彼が取り出したのは、白いハンカチだ。隅にバラの刺繍が施されている。アデラの裁縫暦など、取るに足りない短さなので、最近は、馬鹿の一つ覚えのようにひたすらバラの刺繍ばかりしていたのだ。男性にバラの刺繍なんて、とアデラも思わないではなかったが、その点は目を瞑った。アデラの中で、優先事項はシェリルだったし、そのシェリルに、自分が一番うまくできたハンカチをプレゼントしたかったのだ。となると、他の男性が好むような柄を練習する時間などない。結果的にグレイディにバラのハンカチを贈ることになってしまったのはそういう経緯からだった。いくつか完成したハンカチの中で、二番目にうまくできたものを渡したのだから、それで許して欲しいとアデラは思っていた。
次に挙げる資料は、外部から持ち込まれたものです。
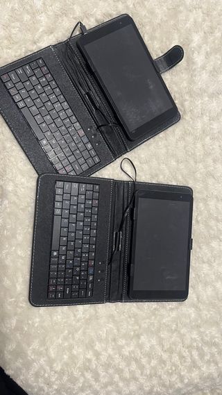 Este set incluye dos tablets con teclado y funda protectora. - Funda con acabado texturizado. - Teclado integrado en la funda. SE VENDEN LAS DOS JUNTAS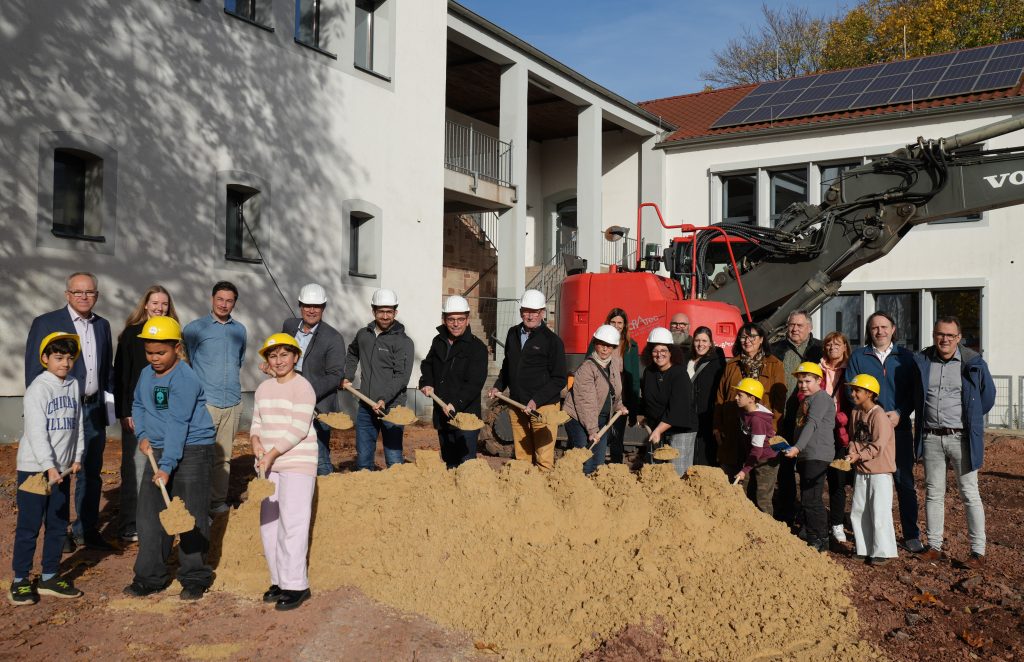 Anschließend griffen Verwaltungsspitze, die weiteren Beteiligten sowie ein paar Kinder der FGTS gemeinsam zum Spaten und setzten symbolisch den ersten Schritt in Richtung eines neuen Schulhofs.
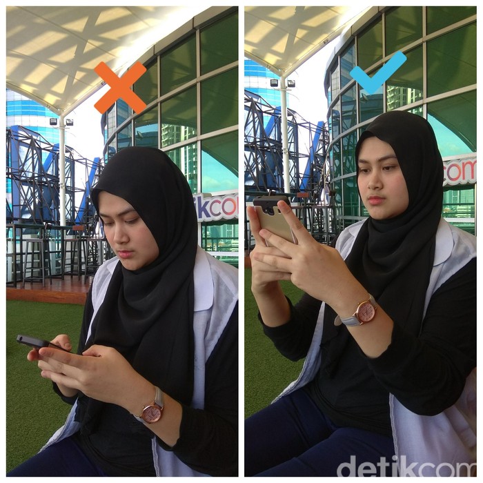 Alihkan pandanganmu dari smartphone selama beberapa menit, jangan biarkan pandanganmu hanya terpaku pada layar handphone. Atur lama penggunaanya agar tetap sehat ya. Foto: Aisyah/detikHealth, Model: Yasmin N. Safira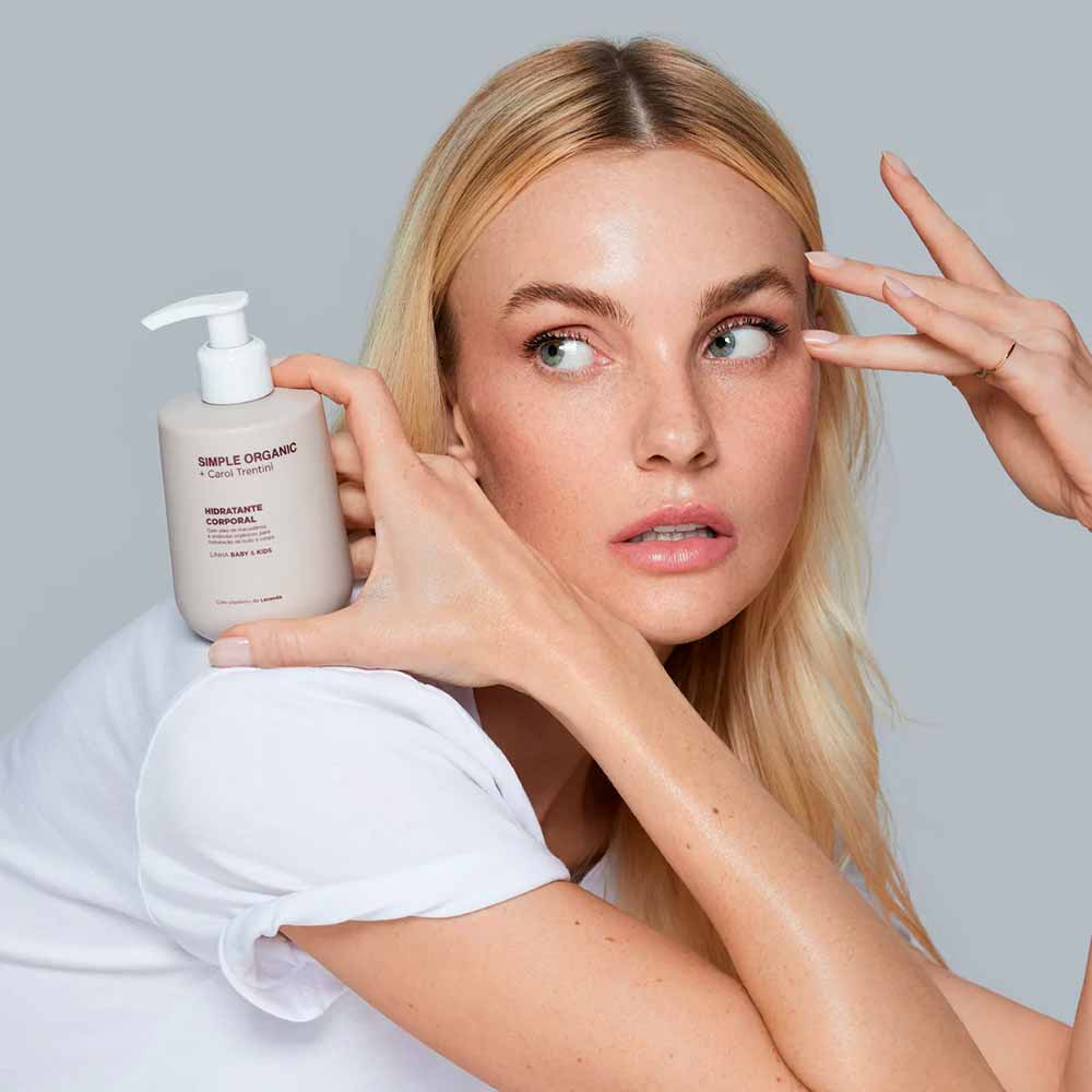 SIMPLE ORGANIC + CAROL TRENTINI: nos unimos à mãe, modelo e empresária Carol Trentini e desenvolvemos juntos a linha Baby & Kids, 100% Clean Beauty para toda a família. Com fórmulas seguras, conscientes, e livres de ingredientes problemáticos para a pele, cabelos e ambiente dos bebês e crianças, é perfeita para estimular os sentidos e fortalecer o vínculo e conexão entre os pequenos e quem cuida deles.

グレイディは、ハンカチをマジマジと見つめていた。アデラの刺繍の細部を、まるで今この場で批評を下すかのようにじっくり見ている。いい加減居心地が悪かった。渡すだけでも勇気がいったのに、どうして直接出来具合を確かめられないといけないのか。
「綺麗なものだな」
だが、今か今かと待っていた言葉は、思いがけないもので。
「大切に使おう」
「…………」
アデラは、ポカンと開けた口をなかなか閉じることができなかった。
今言われた言葉は、ひょっとして聞き間違いだろうか? それとも、たちの悪い嫌味?
「ゆっくり休め」
アデラの脳が現状を理解する前に、グレイディは動き、部屋の中へ身を滑らせた。扉が閉めきられる寸前で、アデラは慌ててお休みの挨拶を口にした。
完全に扉が閉まると、辺りはシンと静まりかえる。
『大切に使おう』
グレイディの言葉が、未だアデラの中をぐるぐると回っていた。